Extracted data:
=== Begin Enclosure ===

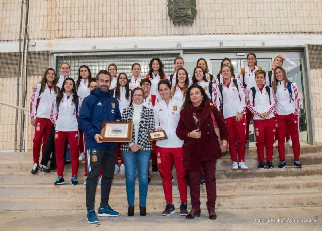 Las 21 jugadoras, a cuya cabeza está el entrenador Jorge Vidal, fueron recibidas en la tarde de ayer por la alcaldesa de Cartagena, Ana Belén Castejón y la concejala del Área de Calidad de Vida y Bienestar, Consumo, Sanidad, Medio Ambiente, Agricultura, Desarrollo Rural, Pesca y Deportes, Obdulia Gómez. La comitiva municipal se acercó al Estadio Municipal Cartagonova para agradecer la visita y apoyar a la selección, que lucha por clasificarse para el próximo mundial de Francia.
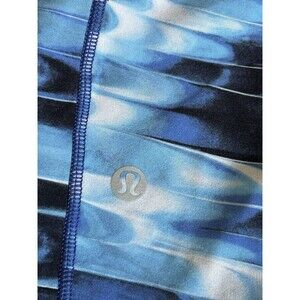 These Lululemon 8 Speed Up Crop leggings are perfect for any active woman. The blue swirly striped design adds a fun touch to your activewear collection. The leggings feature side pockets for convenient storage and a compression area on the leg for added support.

=== End Enclosure ===
=== Begin Enclosure ===

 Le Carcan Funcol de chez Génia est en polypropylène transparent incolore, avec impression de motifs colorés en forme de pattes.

=== End Enclosure ===
=== Begin Enclosure ===

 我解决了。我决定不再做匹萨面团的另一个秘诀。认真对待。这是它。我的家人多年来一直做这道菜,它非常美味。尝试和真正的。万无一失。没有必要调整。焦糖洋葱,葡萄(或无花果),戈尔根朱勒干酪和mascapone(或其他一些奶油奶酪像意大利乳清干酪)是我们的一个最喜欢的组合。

=== End Enclosure ===

Exercise prompt:
Please copy out from the data above, without any picture, exactly the lines running from the one that holds "Las 21 jugadoras, a" through the one that holds "These Lululemon 8", and nothing beyond them.

Answer to the problem:
 Las 21 jugadoras, a cuya cabeza está el entrenador Jorge Vidal, fueron recibidas en la tarde de ayer por la alcaldesa de Cartagena, Ana Belén Castejón y la concejala del Área de Calidad de Vida y Bienestar, Consumo, Sanidad, Medio Ambiente, Agricultura, Desarrollo Rural, Pesca y Deportes, Obdulia Gómez. La comitiva municipal se acercó al Estadio Municipal Cartagonova para agradecer la visita y apoyar a la selección, que lucha por clasificarse para el próximo mundial de Francia.
 These Lululemon 8 Speed Up Crop leggings are perfect for any active woman. The blue swirly striped design adds a fun touch to your activewear collection. The leggings feature side pockets for convenient storage and a compression area on the leg for added support.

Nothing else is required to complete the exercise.